“Se tem uma câmera, mona, eu quero é aparecer”, dizia Maravilhosa, a travesti mais conhecida de Rondônia nos últimos anos.
Maravilhosa, como gostava de ser chamada, ganhou os holofotes em 2019 quando usou uma calçada como passarela e desfilou diante de uma câmera que gravava uma reportagem numa rua de Porto Velho.
A travesti flanou pela calçada sem economizar no carão e em poses como se fosse uma modelo. Nascia ali a Gisele Bündchen de Rondônia.
Narah Braga, a repórter que tentava terminar a reportagem naquele dia sobre o uso de aplicativos de transporte, sofria debaixo de um sol a pino, mas nem por isso interrompeu o close de Maravilhosa.
“Eu dei uma risadinha e só pedi para que o meu cinegrafista não parasse de gravar aquela cena”, disse.
No dia seguinte, Braga publicou o desfile da travesti em suas redes sociais. E claro: Maravilhosa foi alçada à celebridade instantânea na internet.
A travesti concedeu entrevistas para programas de alcance nacional, ganhou um dia inteiro num salão de beleza, roupas e muitos fãs.

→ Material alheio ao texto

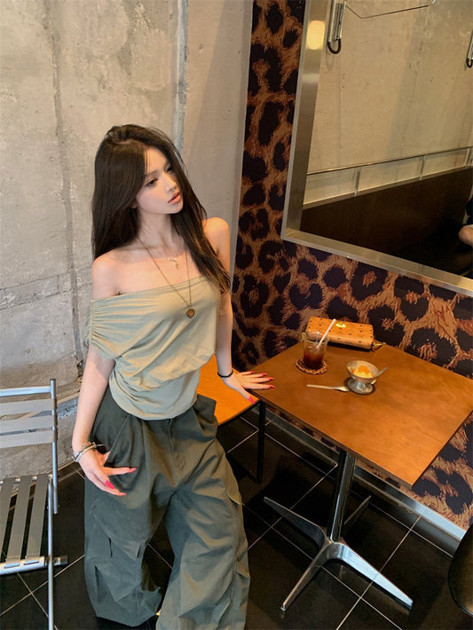 NA+ 老錢通勤私服 卡其休閒背心/印花闊腿褲

Mas a fama repentina pouco aliviou a vida difícil que enfrentava pelas ruas da capital de Rondônia. As calçadas por onde desfilava durante o dia eram as mesmas em que dormia sobre um papelão.
Filha de um pai alcoólatra, viu a mãe fugir de casa para escapar das agressões do marido. Com a família desestruturada e vítima de transfobia, a travesti virou sem-teto ainda na adolescência.
Mal sabia ler e escrever, mas fez da rua sua grande escola. Era benquista pelos comerciantes e moradores da avenida Jorge Teixeira, onde foi descoberta. Ali pedia dinheiro e as tintas de tons avermelhados que pintava o cabelo.
Nos últimos meses, porém, Maravilhosa foi vista na rua em péssimas condições de saúde e acabou internada no Cemetron (Centro de Medicina Tropical de Rondônia), onde foi diagnosticada com tuberculose e pneumonia.
Durante o período em que ficou internada também apresentou sintomas da Covid-19. Maravilhosa entrou para as estatísticas que pesam contra as travestis no Brasil: não passou dos 35 anos e morreu aos 23, na última quinta-feira (4).
A travesti que usava o sorriso largo como artifício contra as intempéries que a vida manda cumpriu outra frase que carregava: “o que é bonito tem que ser mostrado”.